YOUR TASK: Copy out exactly the stretch below, from the line with "Дървеният Монтесори пъзел" through the line with "Inklusive certified pre", both included; the pictures stay out.

GIVEN DATA:
# # # # #
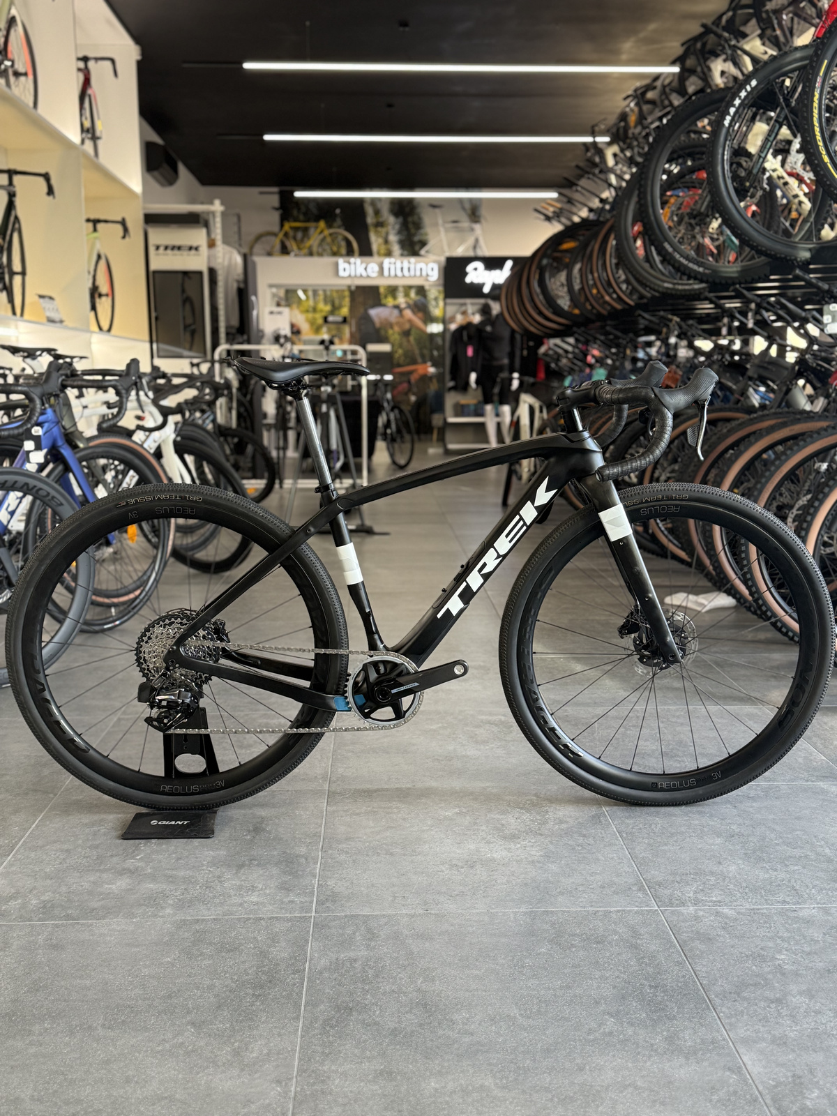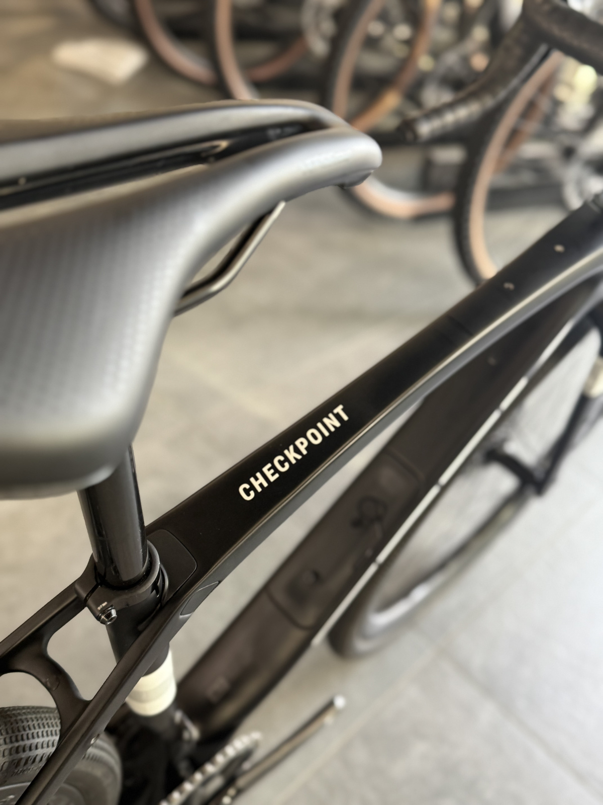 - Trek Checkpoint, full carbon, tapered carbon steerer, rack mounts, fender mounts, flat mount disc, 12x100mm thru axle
# # # # #
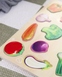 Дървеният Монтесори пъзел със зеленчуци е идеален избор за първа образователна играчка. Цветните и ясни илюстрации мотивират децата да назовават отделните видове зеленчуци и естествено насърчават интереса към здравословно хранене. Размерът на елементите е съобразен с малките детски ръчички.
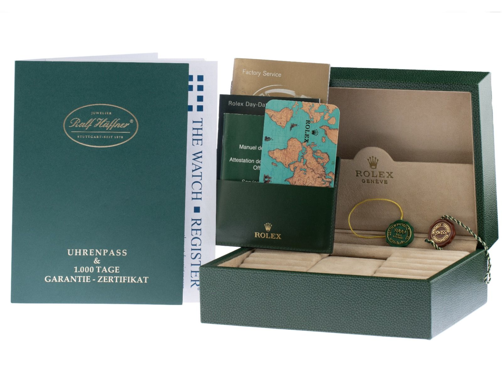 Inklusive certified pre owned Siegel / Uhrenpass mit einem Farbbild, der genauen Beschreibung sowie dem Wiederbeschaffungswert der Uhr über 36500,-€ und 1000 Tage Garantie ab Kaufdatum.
# # # # #
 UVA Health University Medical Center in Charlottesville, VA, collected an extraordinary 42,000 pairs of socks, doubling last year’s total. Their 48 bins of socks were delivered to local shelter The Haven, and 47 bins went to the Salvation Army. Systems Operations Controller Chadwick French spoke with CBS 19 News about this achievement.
# # # # #
ANSWER TO THIS TASK:
 Дървеният Монтесори пъзел със зеленчуци е идеален избор за първа образователна играчка. Цветните и ясни илюстрации мотивират децата да назовават отделните видове зеленчуци и естествено насърчават интереса към здравословно хранене. Размерът на елементите е съобразен с малките детски ръчички.
 Inklusive certified pre owned Siegel / Uhrenpass mit einem Farbbild, der genauen Beschreibung sowie dem Wiederbeschaffungswert der Uhr über 36500,-€ und 1000 Tage Garantie ab Kaufdatum.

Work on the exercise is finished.